Si fa più complicata la posizione del 42enne informatico arrestato per l'omicidio di sua cognata Nadia Arcudi, la 35enne maestra di Stabio ritrovata morta dieci giorni fa nei boschi di Rodero (CO).
Infatti, come scrive oggi il Corriere del Ticino, l'esame autoptico eseguito sulla salma ha indicato che il decesso deve essere avvenuto tra la 1 e le 13 di sabato, quindi il giorno successivo all'occultamento del cadavere da parte del 42enne.

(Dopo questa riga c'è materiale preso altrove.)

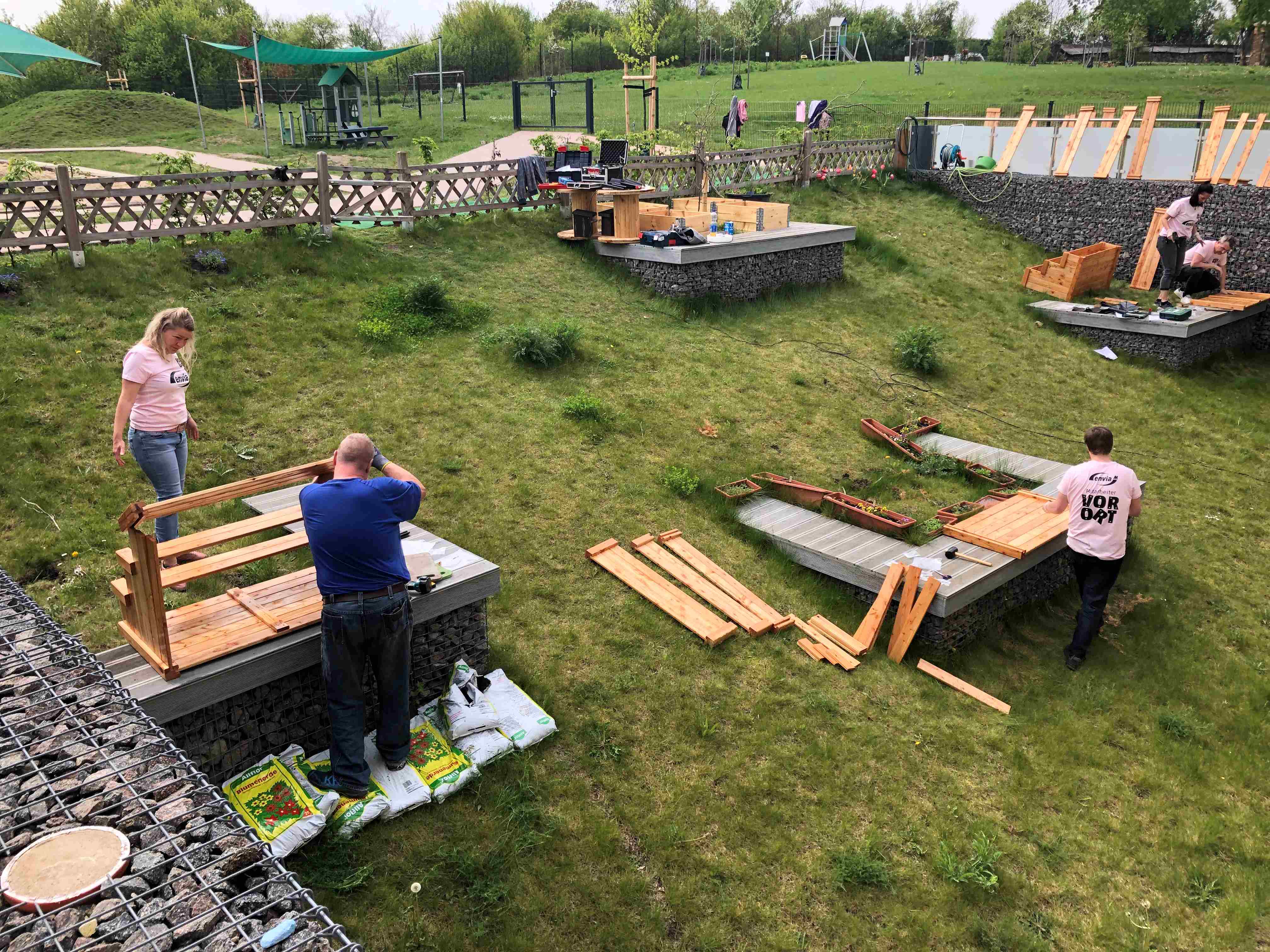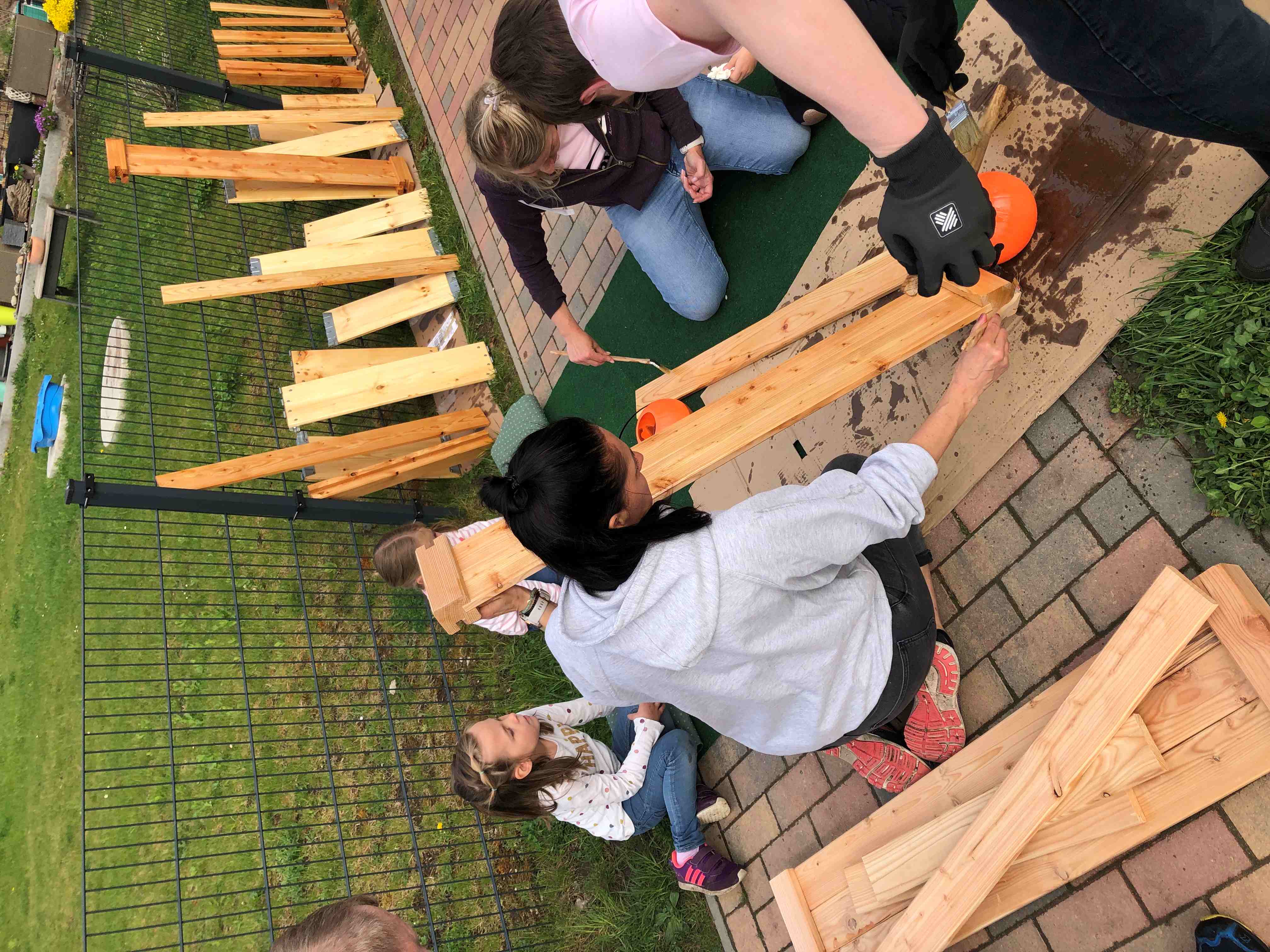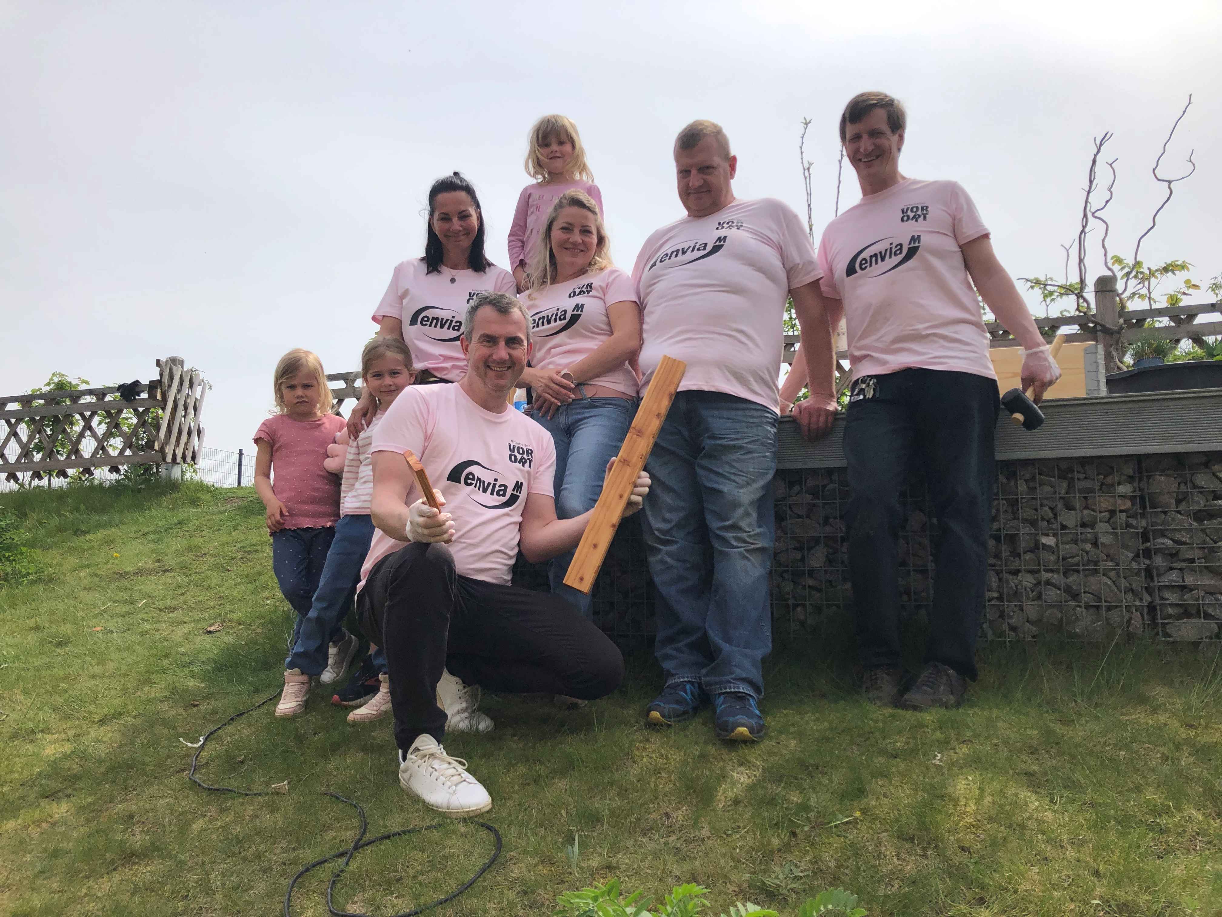 Danke einer engagierten Familie unterstützt uns das Unternehmen enviaM in der Gestaltung des Außengeländes mit einem Geldwert in Höhe von 1500€ sowie fünf Mitarbeitern, die uns tatkräftig beim Aufbau von vielen Hochbeeten helfen.

Questi, ricordiamo, sosteneva di aver trovato la maestra già morta nella sua casa di Stabio e di averne gettato il corpo nel bosco per evitare un dispiacere ai parenti. Ma gli inquirenti sono ormai certi che il decesso di Nadia è avvenuto in Italia e che quindi il cognato l'ha trovata ancora in vita. Anche perché, come certificano le immagini della videosorveglianza, egli ha varcato il confine a San Pietro di Stabio con il cadavere in auto attorno alle 20 di venerdì sera, quindi molto prima del decesso. È tuttavia possibile che il 42enne abbia ritenuto che la maestra fosse già morta, nonostante non lo fosse.

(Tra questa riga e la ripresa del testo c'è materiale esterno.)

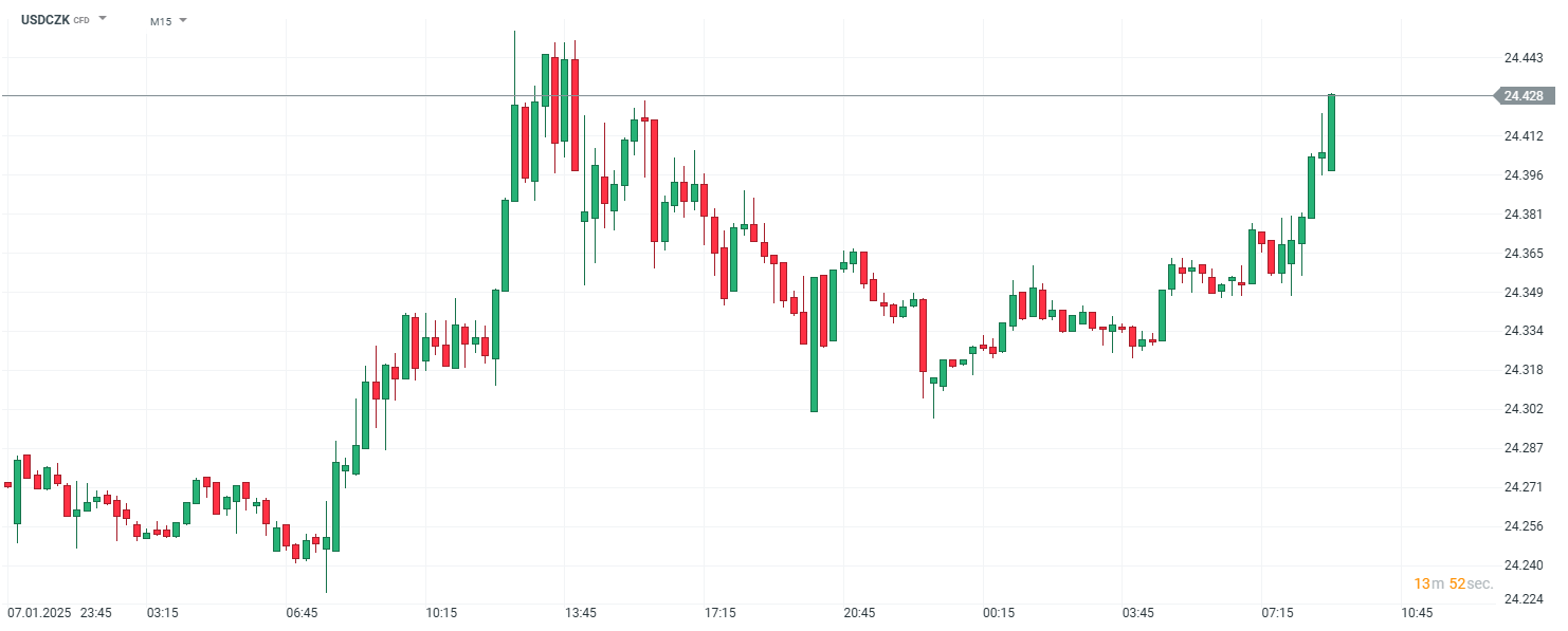 Česká koruna v reakci na to mírně oslabuje, a to o 0,1 % vůči dolaru
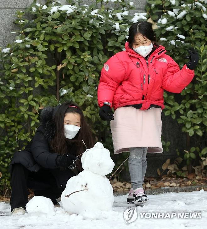 (서울=연합뉴스) 최재구 기자 = 눈이 내린 28일 서울 성북구 한 아파트 단지에서 어린이들이 눈사람을 만들며 즐거워하고 있다. 2021.1.28
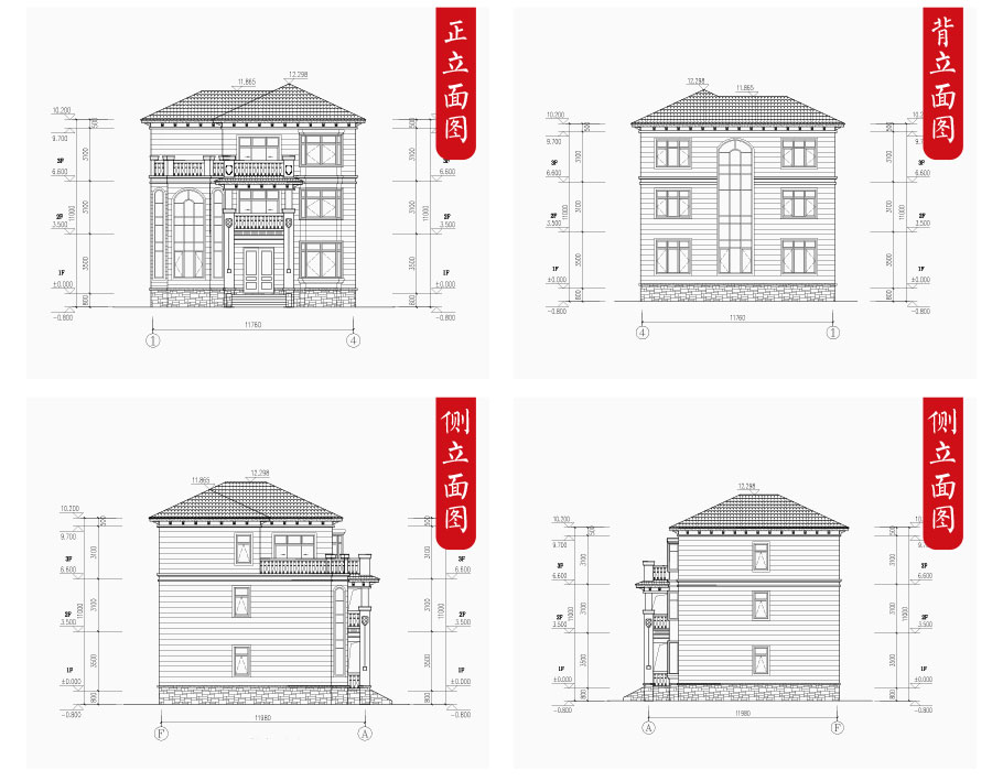 建筑圖: | 建筑平面圖:一層平面圖,二層平面圖,三層平面圖; 建筑立面圖:東立面圖,西立面圖,南立面圖,北立面圖,剖面圖; 大樣圖:樓梯詳圖,細部大樣,門窗大樣 |
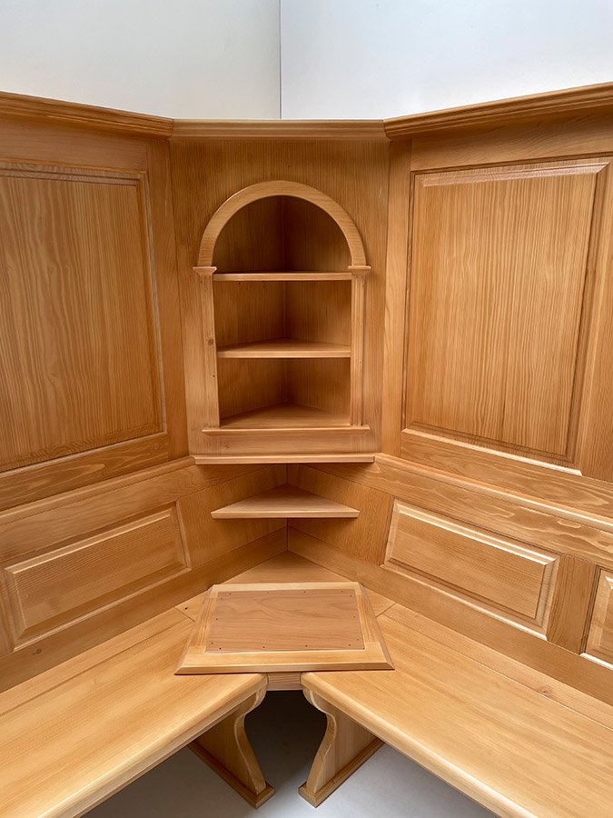 Offenes Eckkapitel geschwungen, 2 Böden gleich 3 Fächer !
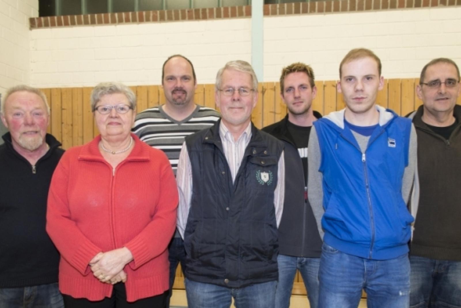 Das Vorstandsteam des Heidjer SV: (von links) Manfred Koenen (2. Vorsitzender), Marianne Vesseur (Sozialwartin), Detlef Meints (Schriftführer), Renhard Roelfsema (1. Vorsitzender), Ingo Groen (Fußballobmann), Martin Hut (Gerätewart) und Wilfried Bröker (Kassenwart). © Mentrup

Per quanto riguarda le modalità dell'omicidio, la pista più probabile resta quella del soffocamento, anche se maggiori dettagli potrebbero emergere dalla seconda autopsia, disposta dalla procuratrice Pamela Pedretti una volta che, ieri, la salma è tornata in Svizzera. Nulla di nuovo, infine, in merito al movente, tuttora avvolto nel mistero.